[WORK ORDER]
Below are the records; copy exactly the stretch from the line containing "[다잇템][다잇템] 여성 벌룬" through the line containing "厦门惊险一幕!小货车起火不逃命司机却忙着抢货物", both ends included, and nothing else.

Top of DATA FOR REVIEW

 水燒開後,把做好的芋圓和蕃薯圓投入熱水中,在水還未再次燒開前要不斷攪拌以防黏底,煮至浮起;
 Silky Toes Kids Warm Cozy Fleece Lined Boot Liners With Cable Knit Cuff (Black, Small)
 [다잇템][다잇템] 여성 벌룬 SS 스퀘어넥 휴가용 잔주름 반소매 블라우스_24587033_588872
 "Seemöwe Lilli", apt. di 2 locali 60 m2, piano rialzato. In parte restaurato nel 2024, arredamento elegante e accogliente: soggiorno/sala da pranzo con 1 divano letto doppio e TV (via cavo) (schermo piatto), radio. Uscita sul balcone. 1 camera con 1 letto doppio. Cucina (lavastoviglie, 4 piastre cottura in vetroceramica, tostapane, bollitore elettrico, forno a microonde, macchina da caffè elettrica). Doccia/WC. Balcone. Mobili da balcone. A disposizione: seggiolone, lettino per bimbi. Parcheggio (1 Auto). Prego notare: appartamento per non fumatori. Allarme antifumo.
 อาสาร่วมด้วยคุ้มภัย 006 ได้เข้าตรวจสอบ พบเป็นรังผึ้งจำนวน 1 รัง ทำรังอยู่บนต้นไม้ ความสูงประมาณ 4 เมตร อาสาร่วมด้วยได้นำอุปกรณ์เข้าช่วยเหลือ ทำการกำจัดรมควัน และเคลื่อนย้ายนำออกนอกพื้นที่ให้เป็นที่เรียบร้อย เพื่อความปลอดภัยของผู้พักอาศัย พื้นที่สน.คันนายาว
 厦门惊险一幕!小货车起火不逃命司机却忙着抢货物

Bottom of DATA FOR REVIEW
Top of DATA FOR REVIEW

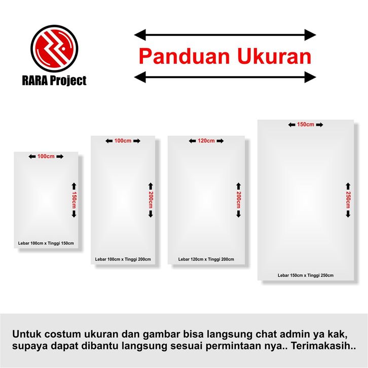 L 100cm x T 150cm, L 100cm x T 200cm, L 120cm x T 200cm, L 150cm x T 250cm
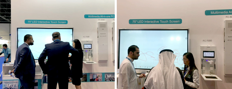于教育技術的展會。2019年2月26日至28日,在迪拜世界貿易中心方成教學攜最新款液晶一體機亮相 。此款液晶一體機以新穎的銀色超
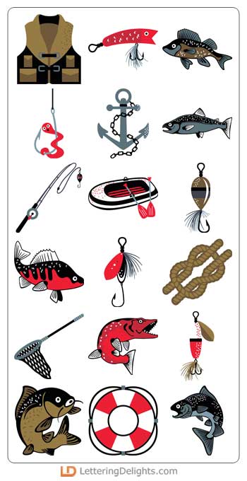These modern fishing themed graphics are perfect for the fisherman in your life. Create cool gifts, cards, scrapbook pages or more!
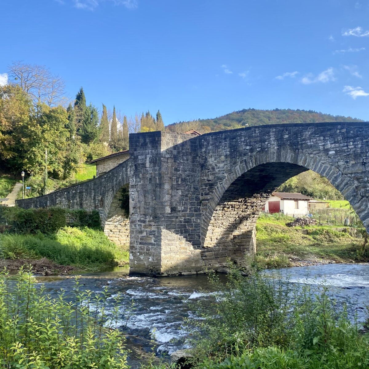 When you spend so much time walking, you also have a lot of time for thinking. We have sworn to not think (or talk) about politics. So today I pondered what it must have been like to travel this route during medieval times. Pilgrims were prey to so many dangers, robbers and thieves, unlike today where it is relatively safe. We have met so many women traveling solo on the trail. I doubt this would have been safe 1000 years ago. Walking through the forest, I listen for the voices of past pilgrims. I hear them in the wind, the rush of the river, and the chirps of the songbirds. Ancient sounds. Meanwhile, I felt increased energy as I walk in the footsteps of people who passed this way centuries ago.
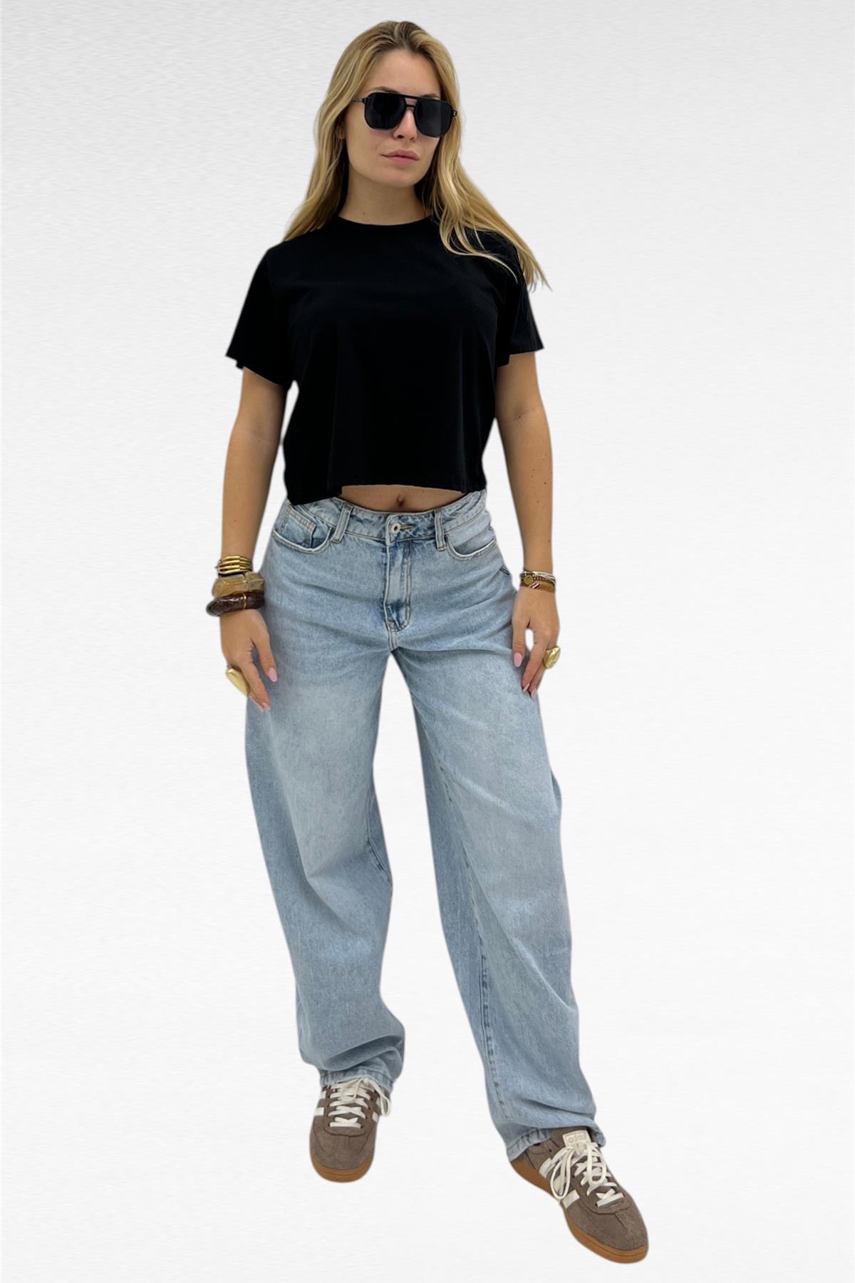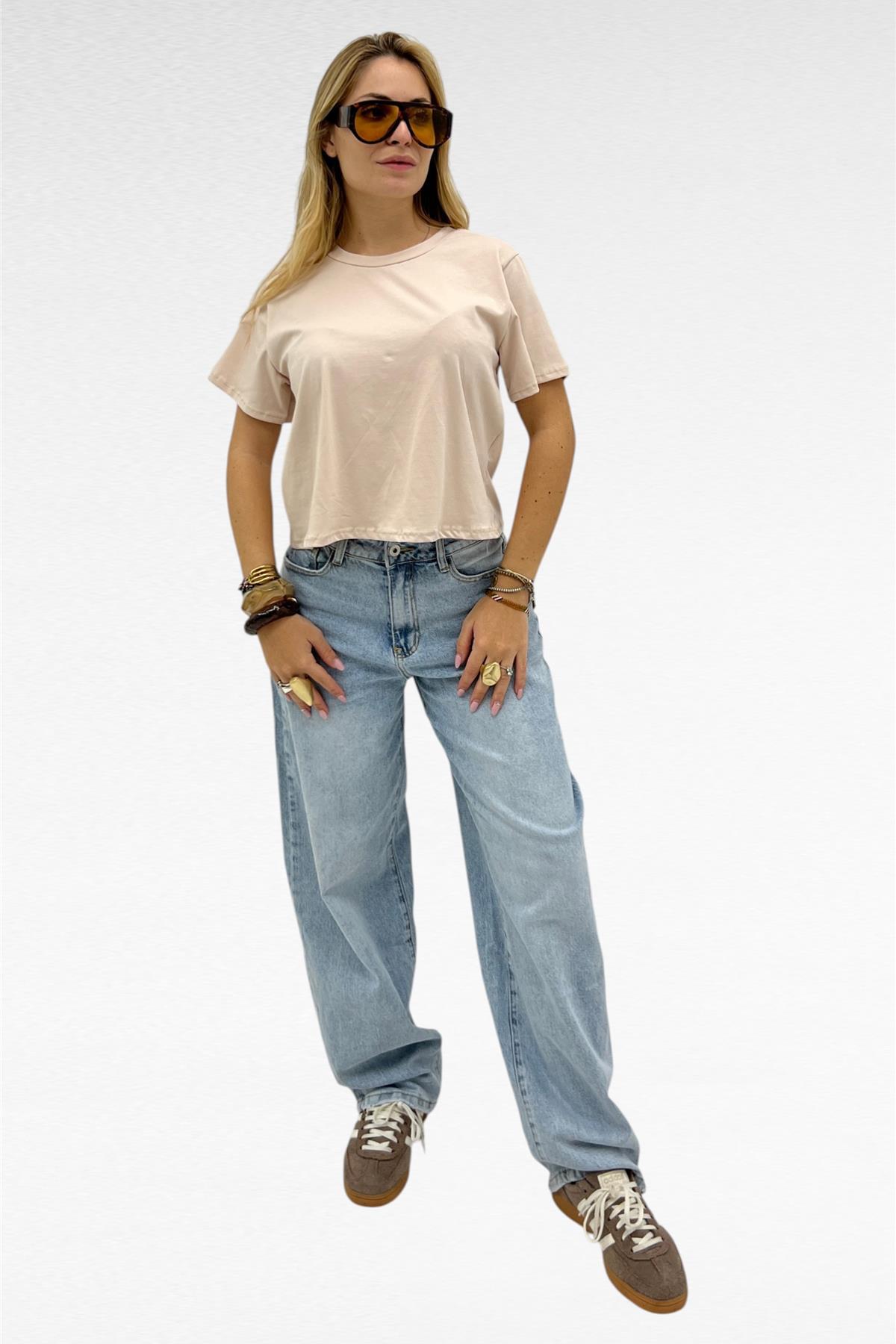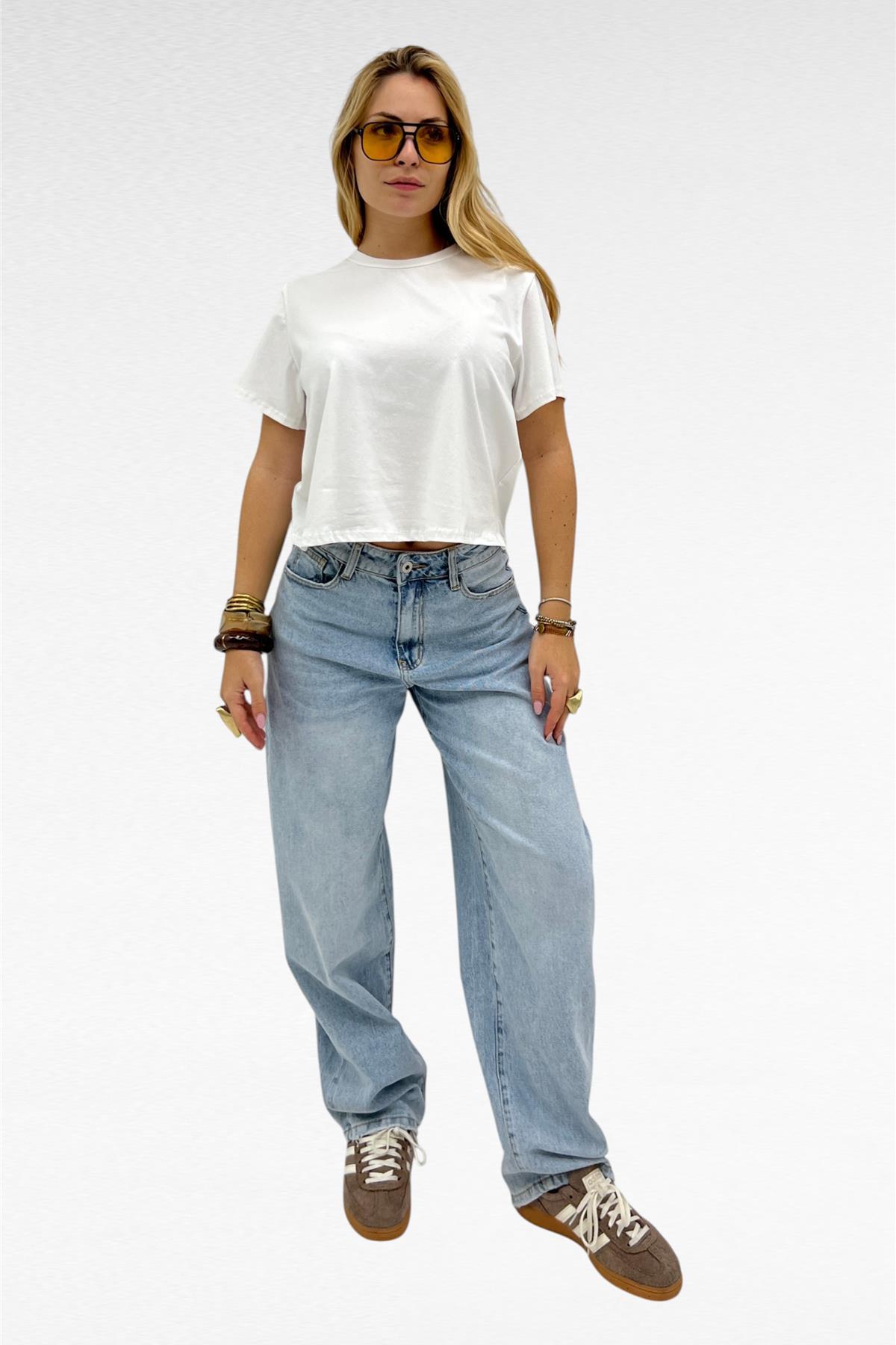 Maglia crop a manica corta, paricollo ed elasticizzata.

Bottom of DATA FOR REVIEW

[ANSWER BOX]
 [다잇템][다잇템] 여성 벌룬 SS 스퀘어넥 휴가용 잔주름 반소매 블라우스_24587033_588872
 "Seemöwe Lilli", apt. di 2 locali 60 m2, piano rialzato. In parte restaurato nel 2024, arredamento elegante e accogliente: soggiorno/sala da pranzo con 1 divano letto doppio e TV (via cavo) (schermo piatto), radio. Uscita sul balcone. 1 camera con 1 letto doppio. Cucina (lavastoviglie, 4 piastre cottura in vetroceramica, tostapane, bollitore elettrico, forno a microonde, macchina da caffè elettrica). Doccia/WC. Balcone. Mobili da balcone. A disposizione: seggiolone, lettino per bimbi. Parcheggio (1 Auto). Prego notare: appartamento per non fumatori. Allarme antifumo.
 อาสาร่วมด้วยคุ้มภัย 006 ได้เข้าตรวจสอบ พบเป็นรังผึ้งจำนวน 1 รัง ทำรังอยู่บนต้นไม้ ความสูงประมาณ 4 เมตร อาสาร่วมด้วยได้นำอุปกรณ์เข้าช่วยเหลือ ทำการกำจัดรมควัน และเคลื่อนย้ายนำออกนอกพื้นที่ให้เป็นที่เรียบร้อย เพื่อความปลอดภัยของผู้พักอาศัย พื้นที่สน.คันนายาว
 厦门惊险一幕!小货车起火不逃命司机却忙着抢货物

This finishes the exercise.